Raising the Ante: The Internet's Impact on Journalism Education

I’m in Chapel Hill, N.C. today, honored to participate in a symposium organized to honor Phil Meyer, my former professor at UNC. Barry Sussman of the Nieman Watchdog Project has a good overview of the symposium on his web site. The 20 participants were asked to compose an essay on an assigned topic and mine was, basically, “are the gatekeepers irrelevant int he digital age?”

Leading off the first session today, I was asked to react to Scott Maier’s essay. Here is some of what I said ...

I completely support Mr. Maier’s concept of the Navigator as an essential new role in a world where traditional gatekeepers are much less relevant. But I think his definition of that role could have gone further to address the specific responsibilities of the Navigator in the digital world. And this is where I find rich opportunities for research to advance what we know about the new demands on journalists.  Mr. Maier wrote:

Today’s successful editor/navigator is proactive, going beyond the standard fare of wire and staff reports to seek and find an engaging and diverse selection of stories that neither traditional media nor Google provide. Today’s editor/navigator also has to reach beyond the rigid confines of a newspaper or other single medium to provide news that offers sound, images, and video. In addition, today’s editor/navigator also needs to facilitate an interactive information exchange that invites conversation.

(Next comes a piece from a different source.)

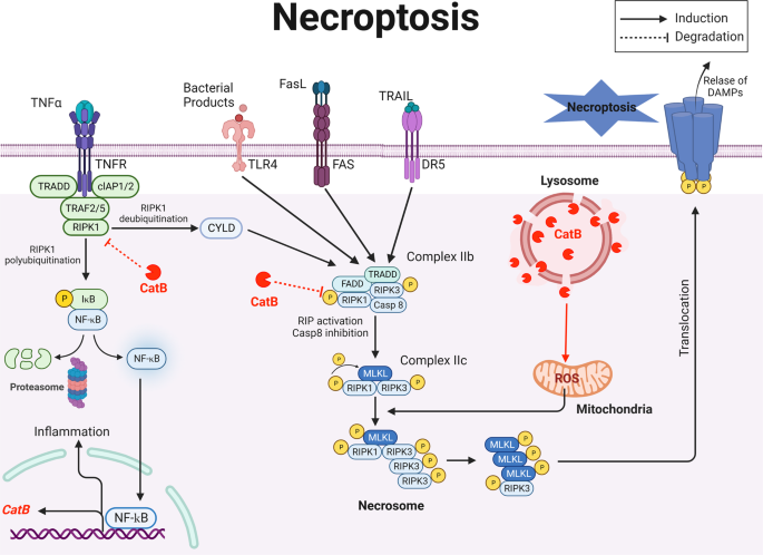 Necroptosis is a form of regulated cell death, which is induced by ligand binding to tumor necrosis factor family death domain receptors, pattern-recognizing receptors, and virus sensors. The common feature of these systems is the involvement of proteins, containing a receptor interaction protein kinase homology interaction motif mediating recruitment and activation of receptor interaction protein kinase 3, which ultimately activates the necroptosis executioner mixed lineage kinase domain-like. Subsequently, oligomerization of mixed lineage kinase domain-like disrupts the integrity of plasma membranes and causes cell death (Fig. 5). Several lines of evidence demonstrated that lysosomal membrane permeabilization resulting in CatB leakage-mediated mitochondrial ROS plays an indispensable role in the regulation of necroptosis [34, 35]. Besides that, there are few reports on CatB and necroptosis except for direct cleavage of receptor interaction protein kinase 1, demonstrating that CatB pulls the emergency brake on necroptosis [36].
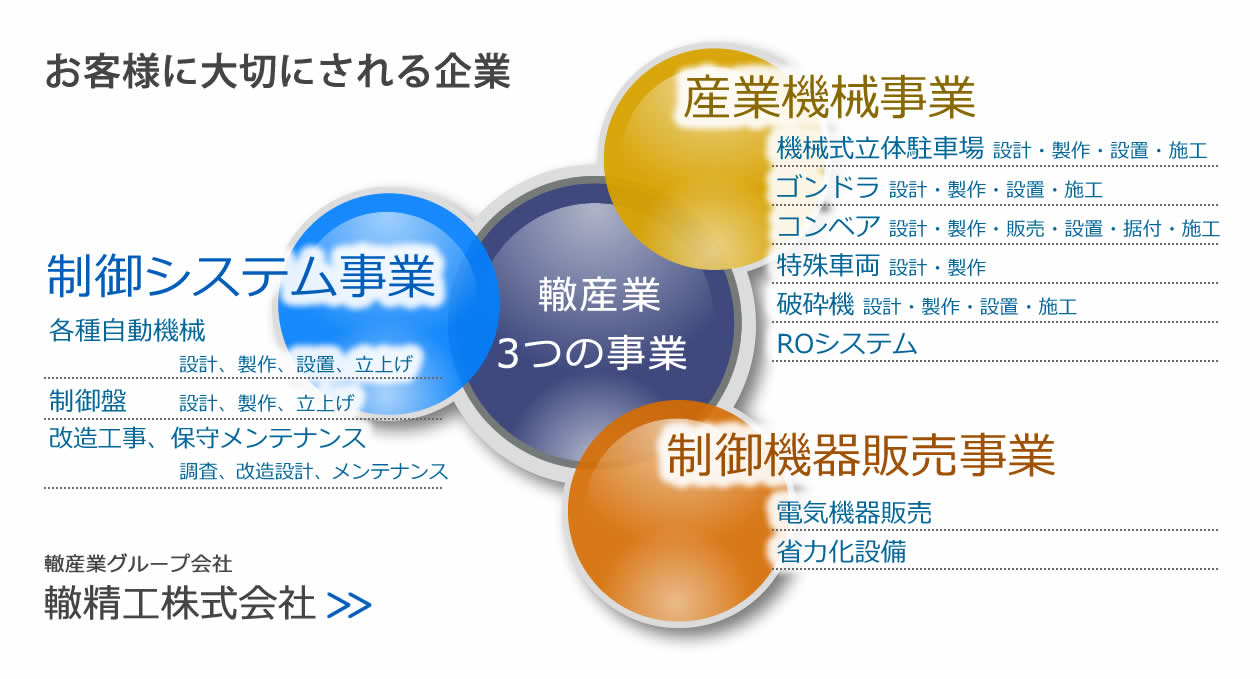 轍産業株式会社|機械式立体駐車場製作|ゴンドラ設計・製作・設置・施工|ベルトコンベア設計・製作・販売|特殊車両設計・製作|制御システム

While the first three-quarters of that recommendation are indeed important, I will argue that it is the last point that is most critical. “Facilitating an interactive information exchange that invites conversation” is not something many people – if any – learned in J-school or have received formal training on in their job. This is a significant new role, but it’s important to reflect on why this new role is important today. As I wrote in my essay, the journalist’s role is redefined because the audience is redefining it.

The audience decides what journalism they want. It always has. And the journalism that people want today has nothing to do with gatekeeping. Unfettered access to information and unparalleled interaction with that information is today’s standard.

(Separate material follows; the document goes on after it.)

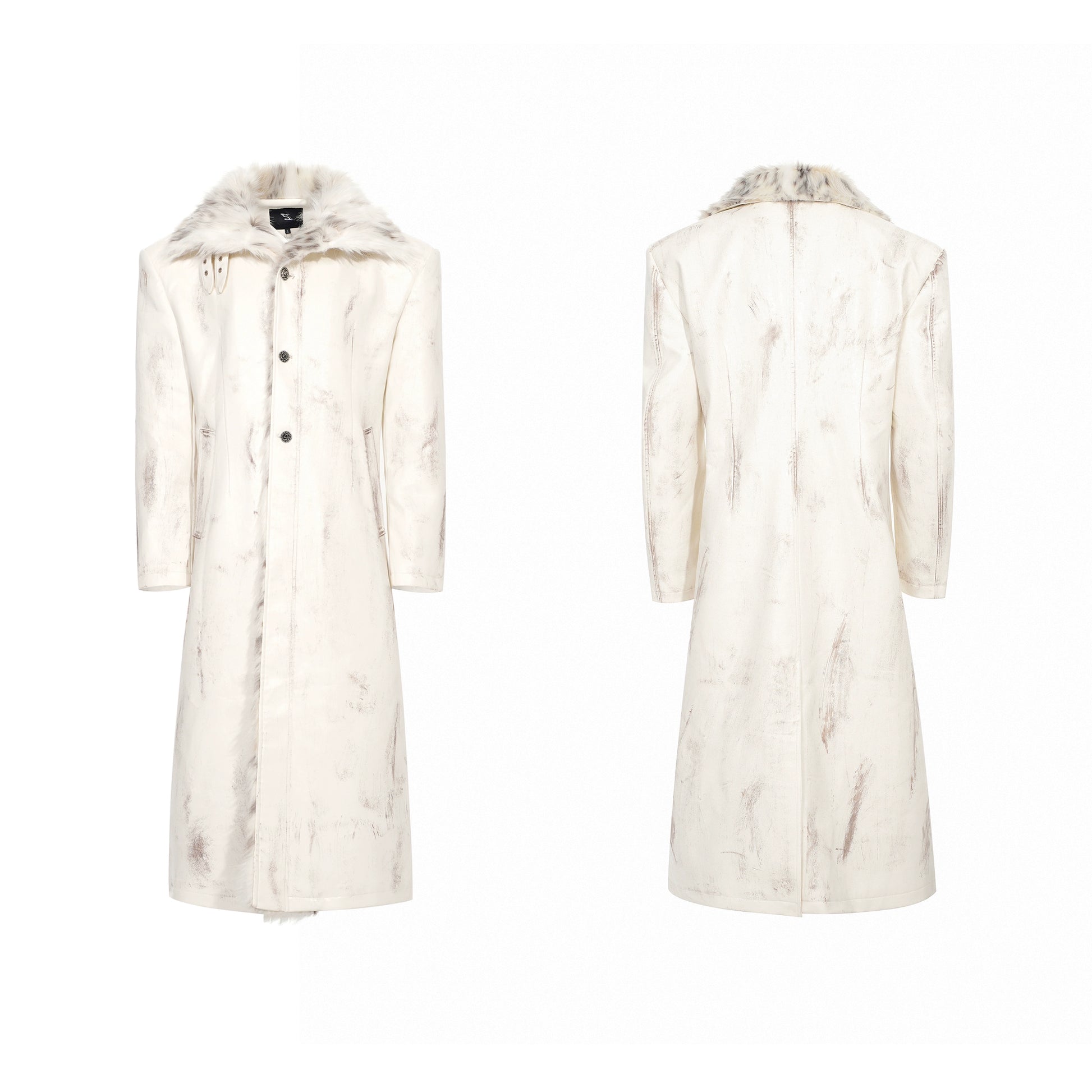 Paint Damage Stand Neck Fake Fur Coat WN22640

The ability to recognize and make sense of so many sources of information, rumor and speculation – and to publicly interact with those sources – are new skills that many journalists do not possess.

The reason they need these new skills is that, as I wrote in my essay, “news is a conversation.” Certainly, this is not a new concept, first appearing around the turn of this century. But the practice is still evolving and is foreign to many traditional journalists. It should also be noted that a significant chunk of the audience is not yet participating in that conversation, even when it’s available to them. Many readers and viewers prefer to be passive, part of the lecture or one-way communication we all grew up with. And this, unfortunately, allows many journalists who fear the new world or simply don’t want to change, to consider the concept of news as a conversation to be a lot of hot air.

A new movement call BeatBlogging has sprouted as a model for this new method. The hypothesis is that journalists who can successfully form social networks around their beats and cultivate their sources and readers will be able to serve the traditional audience that is not participating in the conversation with more accurate, relevant and timely journalism.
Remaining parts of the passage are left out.